**WHAT IS EXPECTED**.
Keep the wording of the records intact as you retype them, and omit every image.

====== DATA PROVIDED

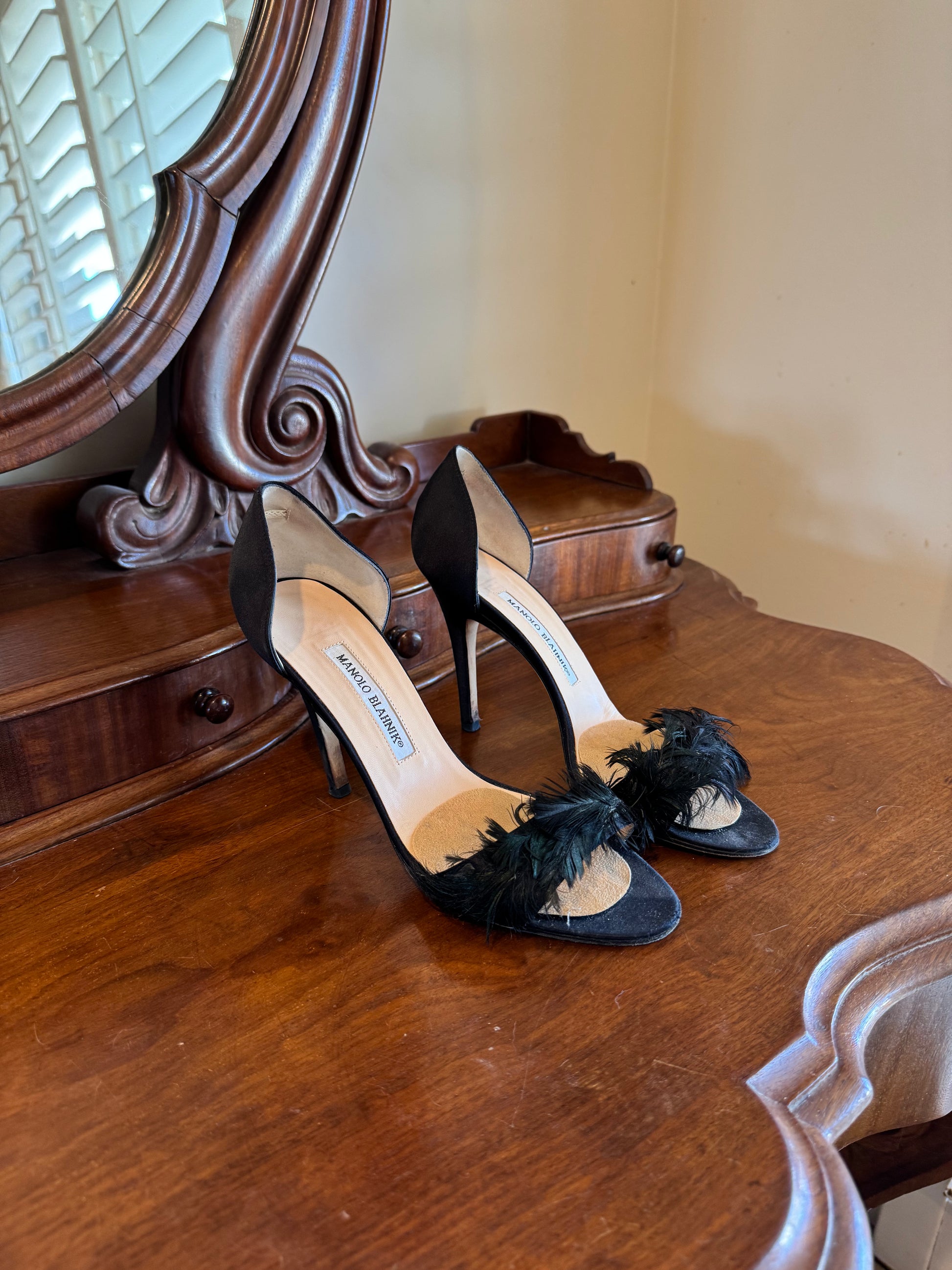 MANOLO BLAHNIK FEATHER PUMPS SIZE 38
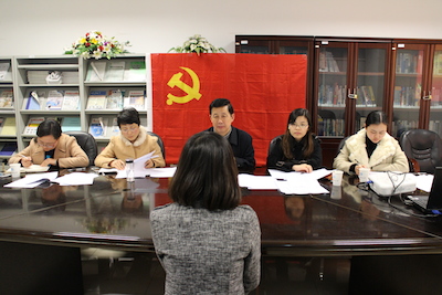 为把好党员发展“入口关”,进一步完善对入党积极分子的培养、教育和考察环节。4月9日中午,JOJO漫画 党委在学院图书馆会议室举行上半年学生党员发展预审答辩会。JOJO漫画 党委书记姜文杰、组织干事叶晓勤、教工支部书记吴复霞、分团委副书记汪颖和学生支部书记杨中婕组成答辩评委会.
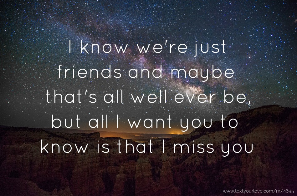 I know we're just friends and maybe that's all well ever be, but all I want you to know is that I miss you
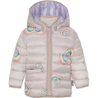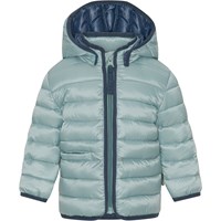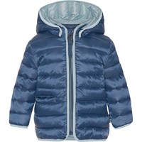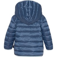 Mørkeblå dynejakke til de mindste med lyseblå inderside og kanter. Jakken har aftagelig hætte, opretstående krave og lynlås med hagebeskytter og en enkel lomme på fronten. Jakken er foret med imiteret dunfyld kaldet Pearl Padding, som giver ensartet blødhed, holder godt på varmen og gør vask nemmere. Der er anvendt en vand- og smudsafvisende coating, uden brug af kemikalier som PFOS, PFOA og lignende.
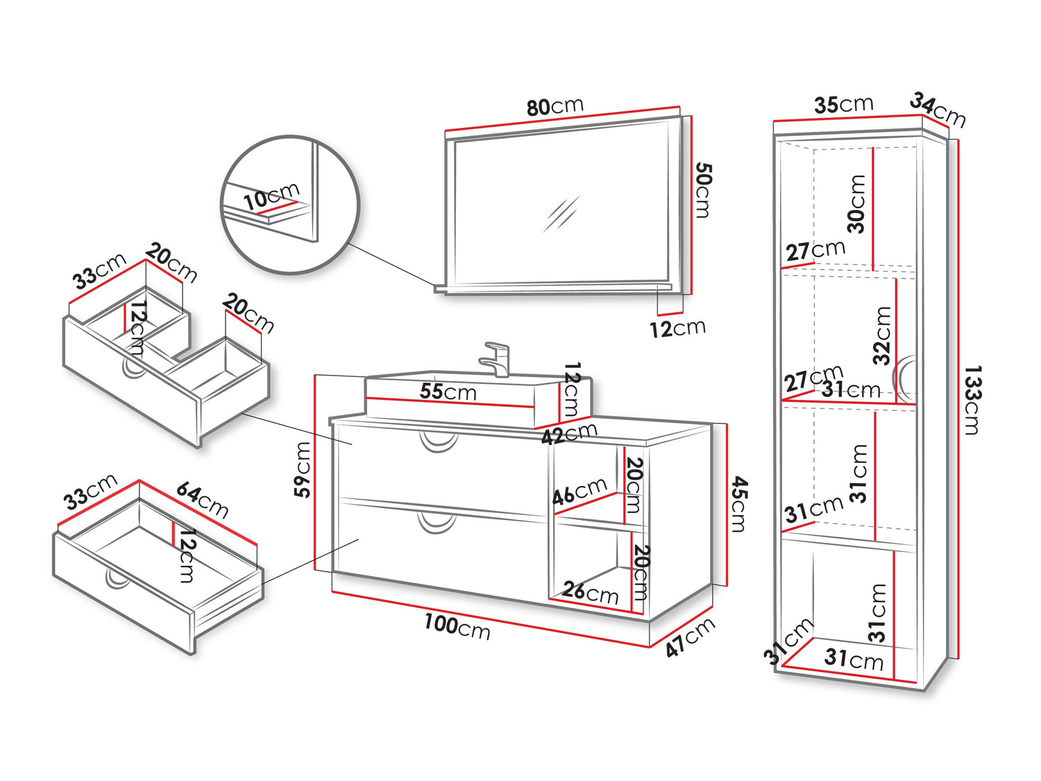 Håndvask skab dimensioner45 x 100 x 47 cm
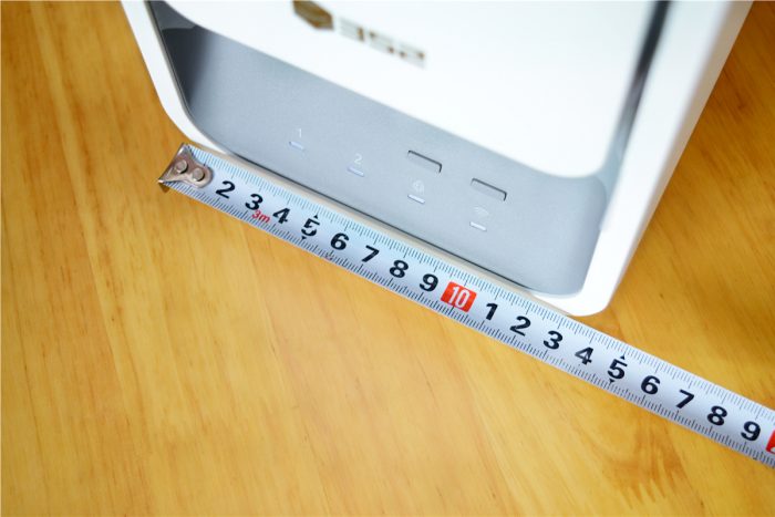 352智能净水器的机身还是很纤薄的,其中机身宽度仅146mm,可以占据更少的橱柜空间,另外机身的长度为445mm,如果是整体橱柜应该没问题,不过如果是像我家一样是定制橱柜的话,就需要稍加注意下了,我家自己打造的橱柜长度就刚刚好。
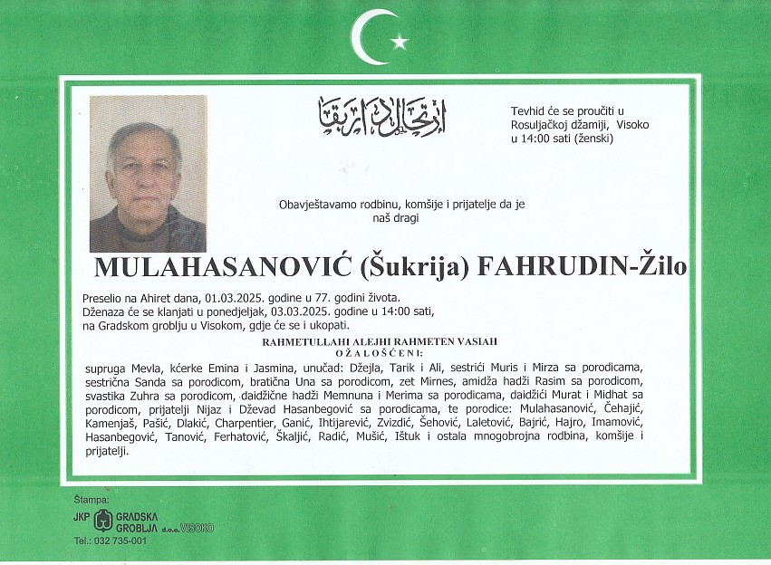 MULAHASANOVIĆ (Šukrija) FAHRUDIN 03.03.2025. godine u 14:00 sati
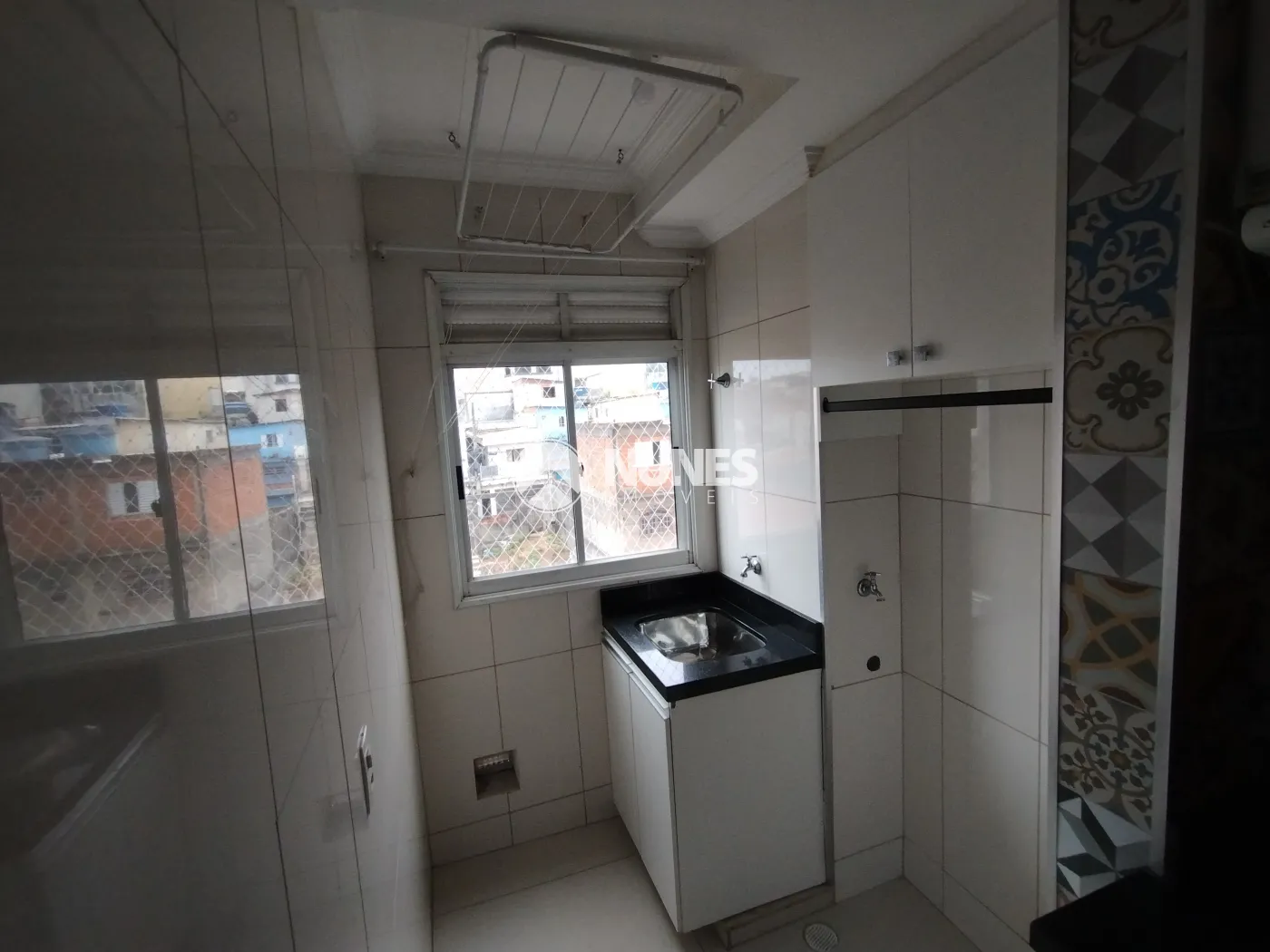 Área de serviço coberta com armário (piso porcelanato)
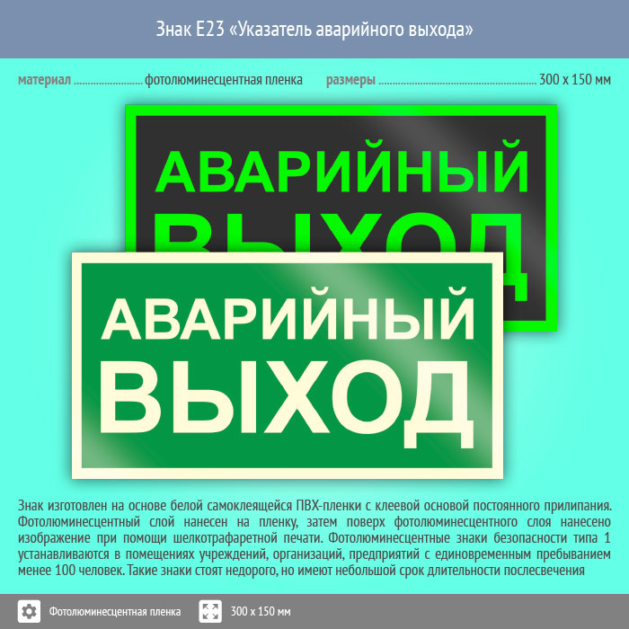 Знак E23 «Указатель аварийного выхода» (фотолюминесцентная пленка, 300х150 мм) в Великом Новгороде купить
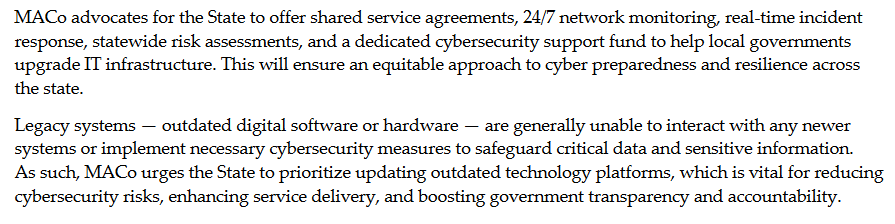 MACo had invested deeply in the work group process that eventually led to the multiple bills, and was engaged throughout the session (and its many travails, for these bills in particular) to advocate for improved resources and support for local governments facing online threats.
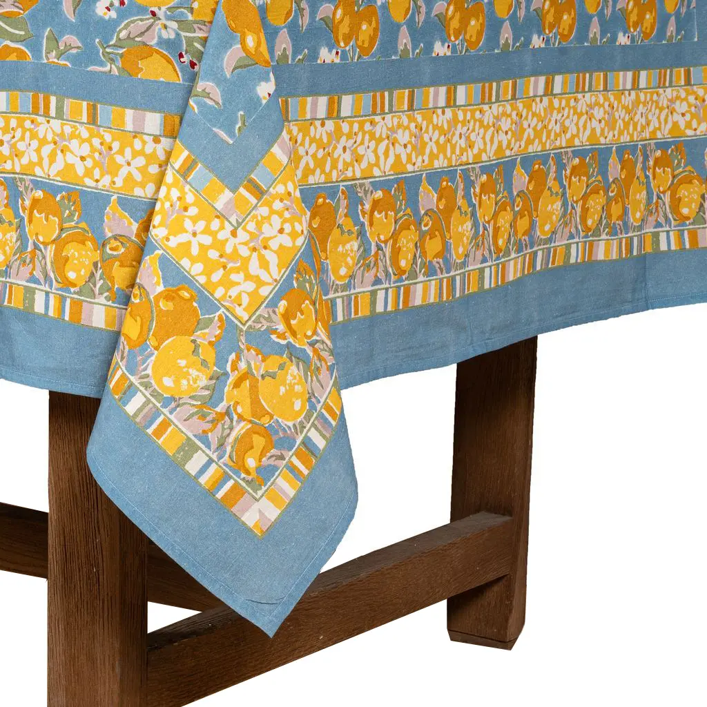 Bring the essence of vibrant citrus orchards to your dining room with the Citron tablecloth. Handcrafted from a luxurious blend of linen and cotton, this tablecloth exudes French elegance and charm, featuring a delightful citrus design inspired by zesty lemons and blooming lemon blossoms. Available in three beautiful colors, it adds a refreshing touch to any kitchen or dining room. Not only does it elevate your table with its vibrant style, but it’s also easy to care for—machine washable for ultimate convenience. Hand-wrapped for a personal touch, this Citron runner combines beauty and practicality, making it the perfect addition to your everyday dining experience or special gatherings.

============

**ANSWER TO THE PROBLEM**.
 MANOLO BLAHNIK FEATHER PUMPS SIZE 38
 为把好党员发展“入口关”,进一步完善对入党积极分子的培养、教育和考察环节。4月9日中午,JOJO漫画 党委在学院图书馆会议室举行上半年学生党员发展预审答辩会。JOJO漫画 党委书记姜文杰、组织干事叶晓勤、教工支部书记吴复霞、分团委副书记汪颖和学生支部书记杨中婕组成答辩评委会.
 I know we're just friends and maybe that's all well ever be, but all I want you to know is that I miss you
 Mørkeblå dynejakke til de mindste med lyseblå inderside og kanter. Jakken har aftagelig hætte, opretstående krave og lynlås med hagebeskytter og en enkel lomme på fronten. Jakken er foret med imiteret dunfyld kaldet Pearl Padding, som giver ensartet blødhed, holder godt på varmen og gør vask nemmere. Der er anvendt en vand- og smudsafvisende coating, uden brug af kemikalier som PFOS, PFOA og lignende.
 Håndvask skab dimensioner45 x 100 x 47 cm
 352智能净水器的机身还是很纤薄的,其中机身宽度仅146mm,可以占据更少的橱柜空间,另外机身的长度为445mm,如果是整体橱柜应该没问题,不过如果是像我家一样是定制橱柜的话,就需要稍加注意下了,我家自己打造的橱柜长度就刚刚好。
 MULAHASANOVIĆ (Šukrija) FAHRUDIN 03.03.2025. godine u 14:00 sati
 Área de serviço coberta com armário (piso porcelanato)
 Знак E23 «Указатель аварийного выхода» (фотолюминесцентная пленка, 300х150 мм) в Великом Новгороде купить
 MACo had invested deeply in the work group process that eventually led to the multiple bills, and was engaged throughout the session (and its many travails, for these bills in particular) to advocate for improved resources and support for local governments facing online threats.
 Bring the essence of vibrant citrus orchards to your dining room with the Citron tablecloth. Handcrafted from a luxurious blend of linen and cotton, this tablecloth exudes French elegance and charm, featuring a delightful citrus design inspired by zesty lemons and blooming lemon blossoms. Available in three beautiful colors, it adds a refreshing touch to any kitchen or dining room. Not only does it elevate your table with its vibrant style, but it’s also easy to care for—machine washable for ultimate convenience. Hand-wrapped for a personal touch, this Citron runner combines beauty and practicality, making it the perfect addition to your everyday dining experience or special gatherings.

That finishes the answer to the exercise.